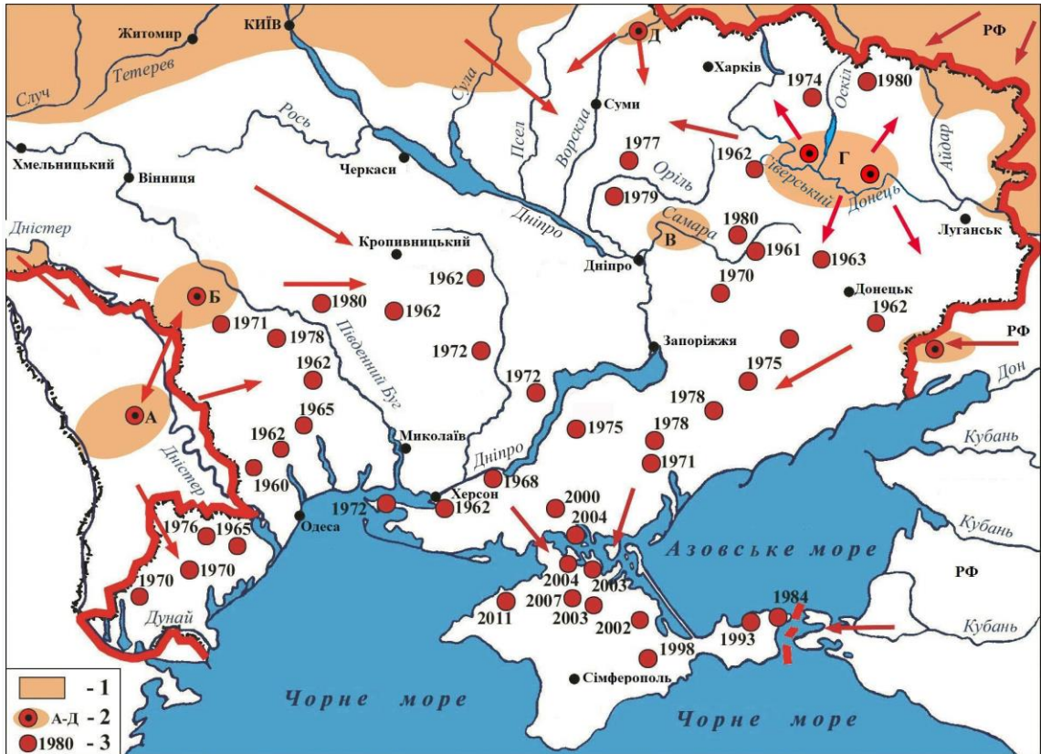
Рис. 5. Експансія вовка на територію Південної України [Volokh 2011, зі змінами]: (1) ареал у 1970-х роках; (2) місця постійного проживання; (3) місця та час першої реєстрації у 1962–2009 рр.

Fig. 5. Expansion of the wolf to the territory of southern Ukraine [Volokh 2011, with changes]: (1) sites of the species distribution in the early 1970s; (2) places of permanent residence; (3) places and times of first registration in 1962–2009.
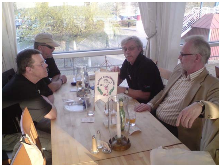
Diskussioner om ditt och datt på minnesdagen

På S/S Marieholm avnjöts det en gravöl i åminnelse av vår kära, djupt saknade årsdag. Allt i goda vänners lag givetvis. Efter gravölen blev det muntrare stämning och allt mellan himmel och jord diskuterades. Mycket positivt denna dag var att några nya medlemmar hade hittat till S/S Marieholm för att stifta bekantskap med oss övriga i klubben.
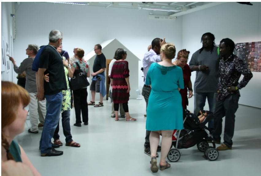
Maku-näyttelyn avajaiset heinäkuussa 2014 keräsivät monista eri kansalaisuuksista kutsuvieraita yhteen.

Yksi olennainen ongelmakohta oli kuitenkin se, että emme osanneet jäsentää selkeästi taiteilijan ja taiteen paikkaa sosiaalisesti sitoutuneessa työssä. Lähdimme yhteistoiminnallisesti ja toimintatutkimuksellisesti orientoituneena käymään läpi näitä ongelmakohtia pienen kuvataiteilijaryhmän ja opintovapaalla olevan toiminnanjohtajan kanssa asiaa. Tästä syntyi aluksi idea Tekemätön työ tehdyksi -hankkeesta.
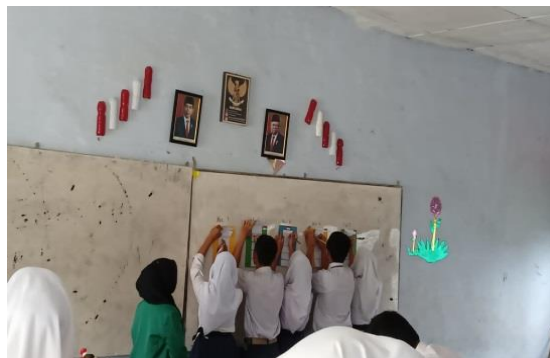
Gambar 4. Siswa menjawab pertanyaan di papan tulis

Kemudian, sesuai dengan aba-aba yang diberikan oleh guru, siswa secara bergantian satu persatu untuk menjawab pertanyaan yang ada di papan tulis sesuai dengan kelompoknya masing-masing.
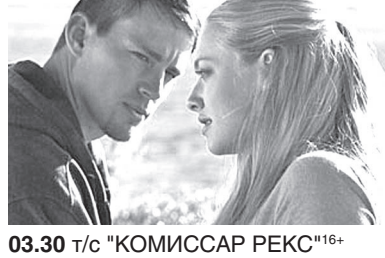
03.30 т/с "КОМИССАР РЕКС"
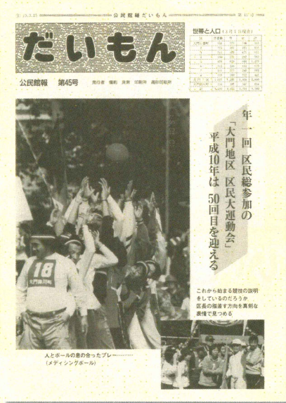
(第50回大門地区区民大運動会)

==

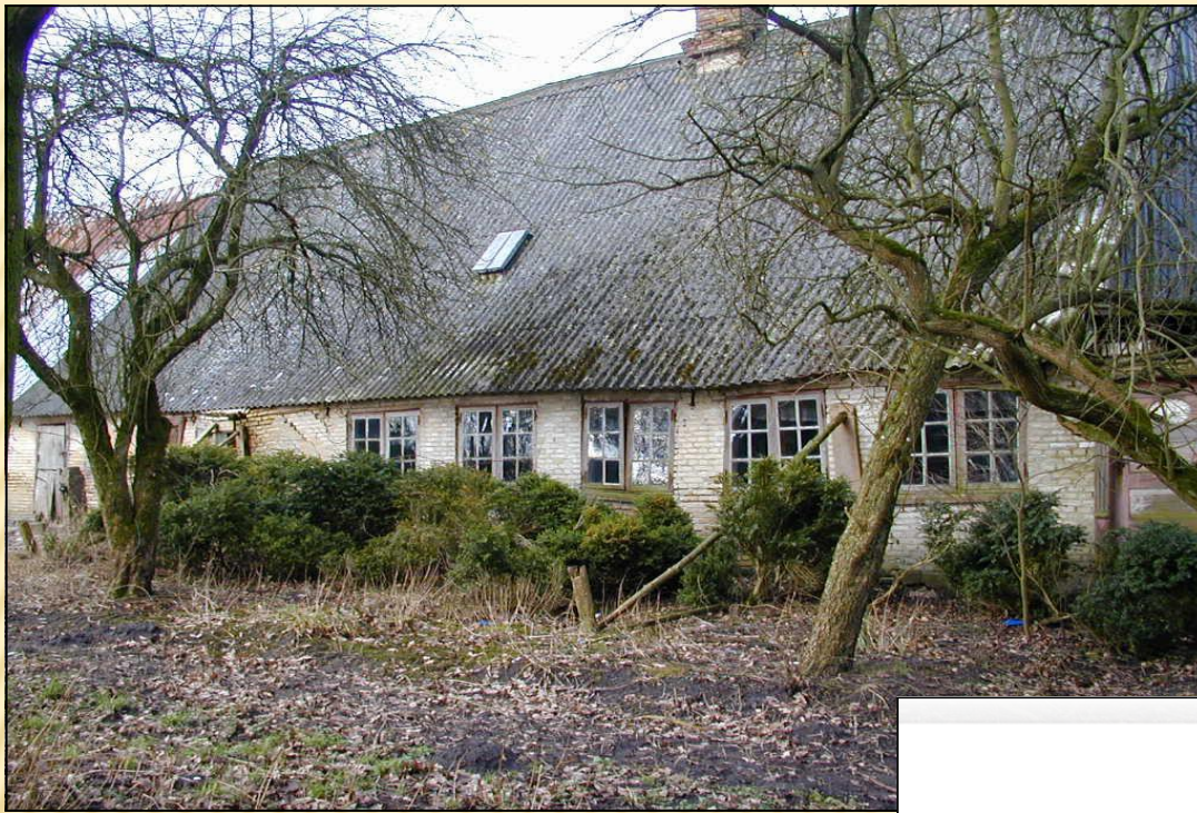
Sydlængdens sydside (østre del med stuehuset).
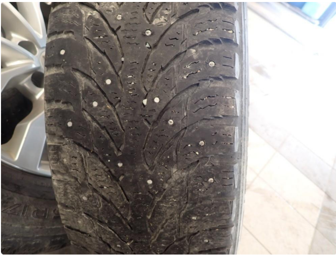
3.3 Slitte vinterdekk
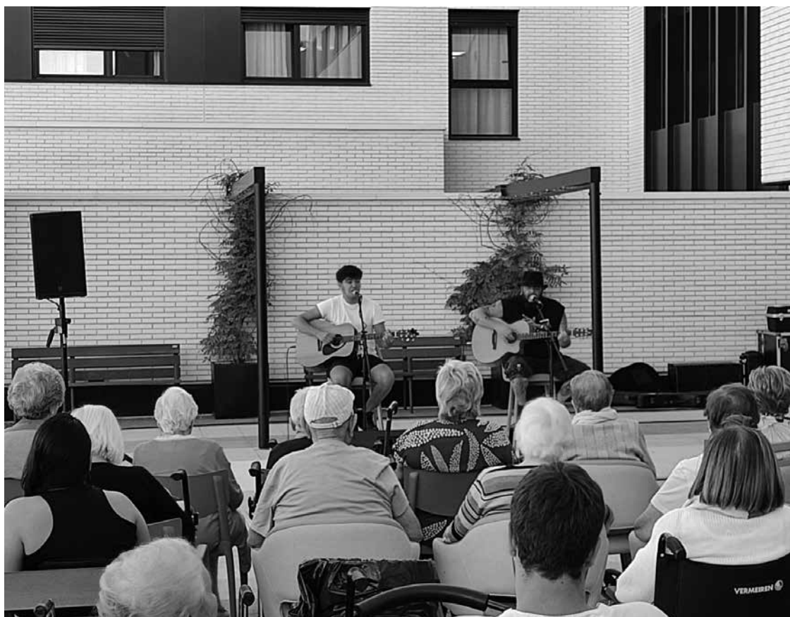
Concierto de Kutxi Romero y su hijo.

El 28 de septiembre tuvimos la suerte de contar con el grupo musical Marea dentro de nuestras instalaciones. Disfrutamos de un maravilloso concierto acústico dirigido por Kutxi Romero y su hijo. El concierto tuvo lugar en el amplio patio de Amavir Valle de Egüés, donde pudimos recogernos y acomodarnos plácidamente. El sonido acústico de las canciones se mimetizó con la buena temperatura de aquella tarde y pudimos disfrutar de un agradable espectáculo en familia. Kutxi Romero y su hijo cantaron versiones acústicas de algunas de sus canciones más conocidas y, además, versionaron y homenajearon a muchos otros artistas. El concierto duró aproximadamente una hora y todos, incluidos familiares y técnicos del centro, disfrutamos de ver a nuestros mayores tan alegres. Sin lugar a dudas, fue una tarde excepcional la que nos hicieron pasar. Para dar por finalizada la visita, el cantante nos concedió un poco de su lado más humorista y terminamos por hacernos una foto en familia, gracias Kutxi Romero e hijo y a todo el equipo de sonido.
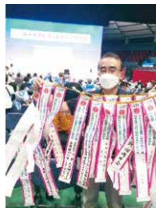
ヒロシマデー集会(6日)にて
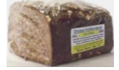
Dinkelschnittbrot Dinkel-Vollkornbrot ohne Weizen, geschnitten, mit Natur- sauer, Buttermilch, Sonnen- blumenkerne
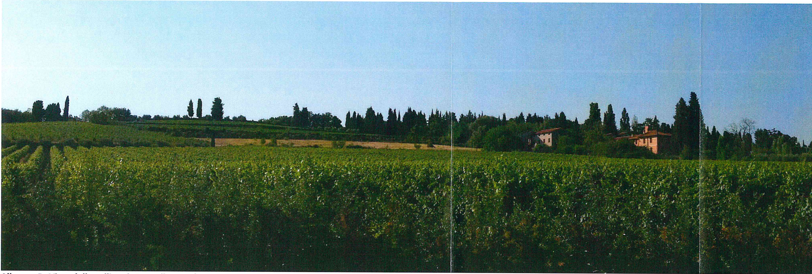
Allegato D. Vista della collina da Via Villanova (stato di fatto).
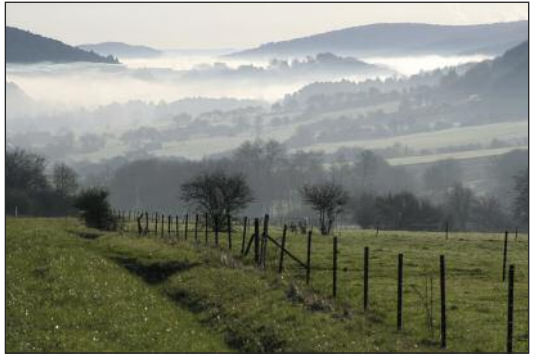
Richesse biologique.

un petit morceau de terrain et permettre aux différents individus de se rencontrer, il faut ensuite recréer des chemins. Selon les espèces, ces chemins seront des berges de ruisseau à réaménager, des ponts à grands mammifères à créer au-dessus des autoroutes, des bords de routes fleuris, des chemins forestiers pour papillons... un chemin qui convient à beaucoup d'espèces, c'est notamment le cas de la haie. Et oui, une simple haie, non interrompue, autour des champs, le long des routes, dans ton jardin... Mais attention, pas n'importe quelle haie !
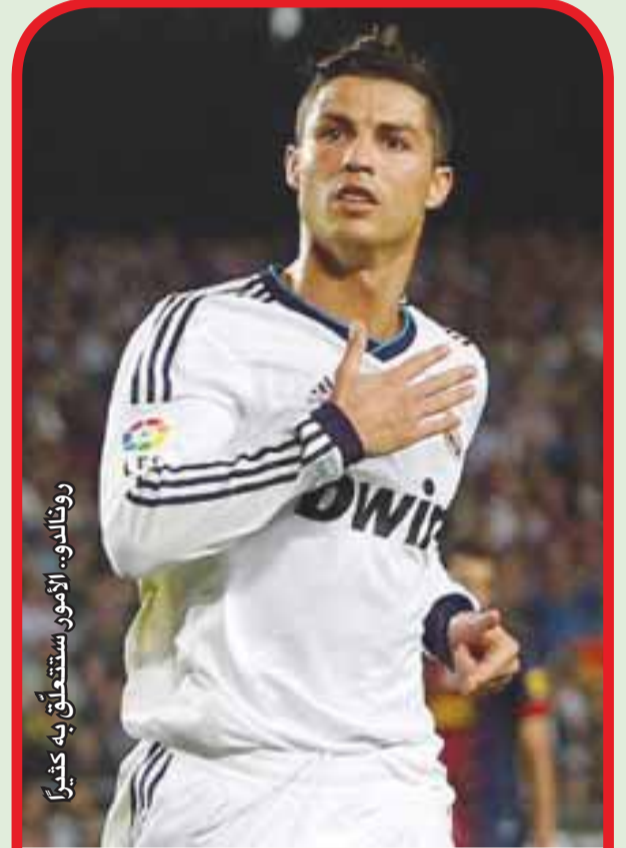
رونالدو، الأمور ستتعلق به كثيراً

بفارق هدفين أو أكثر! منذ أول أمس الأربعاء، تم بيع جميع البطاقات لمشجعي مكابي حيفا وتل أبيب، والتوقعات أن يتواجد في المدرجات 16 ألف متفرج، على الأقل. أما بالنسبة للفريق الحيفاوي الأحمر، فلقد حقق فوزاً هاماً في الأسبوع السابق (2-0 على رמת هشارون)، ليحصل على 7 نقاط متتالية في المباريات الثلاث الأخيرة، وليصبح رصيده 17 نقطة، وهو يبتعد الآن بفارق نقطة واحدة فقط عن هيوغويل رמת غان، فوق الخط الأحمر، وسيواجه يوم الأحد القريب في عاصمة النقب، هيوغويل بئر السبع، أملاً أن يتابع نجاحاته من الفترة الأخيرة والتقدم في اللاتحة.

...

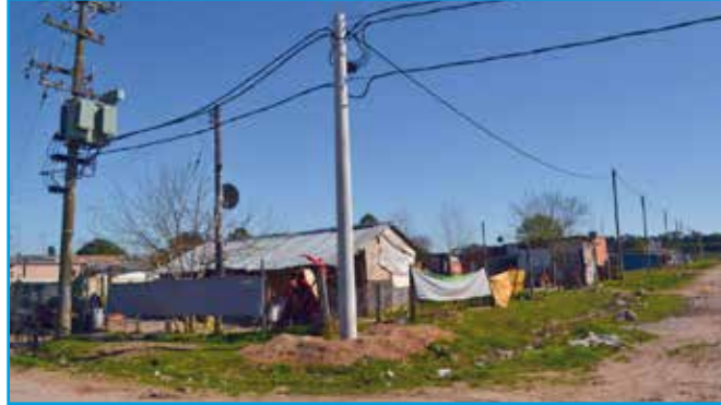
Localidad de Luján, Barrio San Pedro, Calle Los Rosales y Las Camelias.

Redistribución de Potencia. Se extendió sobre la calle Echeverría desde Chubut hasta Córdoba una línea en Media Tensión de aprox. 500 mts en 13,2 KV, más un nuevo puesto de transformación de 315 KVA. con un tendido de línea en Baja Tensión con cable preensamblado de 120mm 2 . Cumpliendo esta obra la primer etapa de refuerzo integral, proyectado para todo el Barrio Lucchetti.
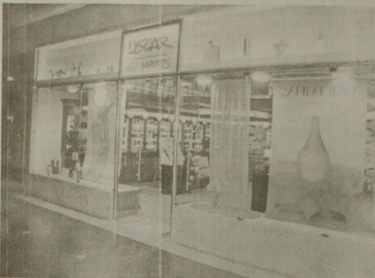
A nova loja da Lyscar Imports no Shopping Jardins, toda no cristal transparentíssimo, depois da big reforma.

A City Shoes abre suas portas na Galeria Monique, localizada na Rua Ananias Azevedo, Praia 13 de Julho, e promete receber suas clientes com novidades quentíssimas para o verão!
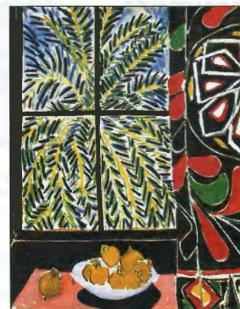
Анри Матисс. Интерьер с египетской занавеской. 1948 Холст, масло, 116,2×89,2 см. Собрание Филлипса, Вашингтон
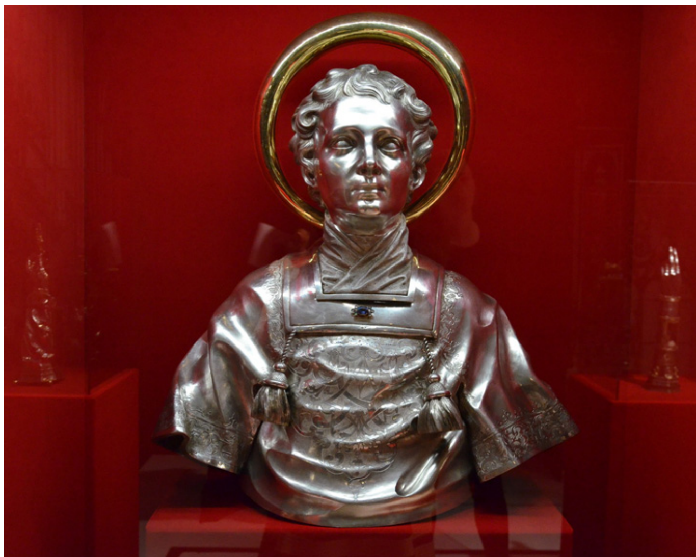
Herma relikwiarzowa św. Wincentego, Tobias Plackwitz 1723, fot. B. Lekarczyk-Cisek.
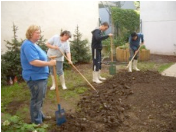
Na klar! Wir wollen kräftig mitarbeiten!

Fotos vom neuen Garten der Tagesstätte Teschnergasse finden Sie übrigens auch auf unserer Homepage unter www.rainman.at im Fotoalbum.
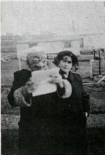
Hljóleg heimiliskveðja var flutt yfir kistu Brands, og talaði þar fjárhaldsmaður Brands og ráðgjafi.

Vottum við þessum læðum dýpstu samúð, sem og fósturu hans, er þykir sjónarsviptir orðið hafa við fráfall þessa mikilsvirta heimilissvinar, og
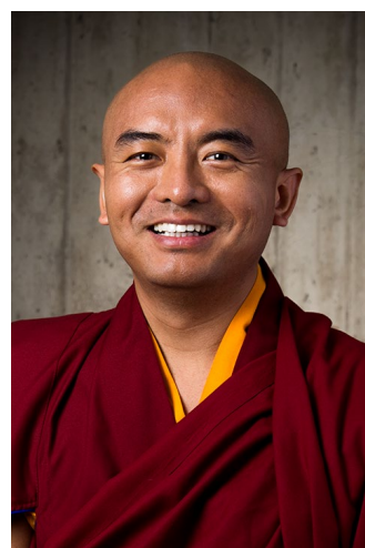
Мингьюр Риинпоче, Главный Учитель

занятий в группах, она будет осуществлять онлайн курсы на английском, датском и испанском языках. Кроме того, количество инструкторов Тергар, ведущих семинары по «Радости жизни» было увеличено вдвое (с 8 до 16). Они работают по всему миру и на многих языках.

* _Your task_
All lines above containing the string "papan" are to be collected.

* _Task response_
Gambar 4. Siswa menjawab pertanyaan di papan tulis
Kemudian, sesuai dengan aba-aba yang diberikan oleh guru, siswa secara bergantian satu persatu untuk menjawab pertanyaan yang ada di papan tulis sesuai dengan kelompoknya masing-masing.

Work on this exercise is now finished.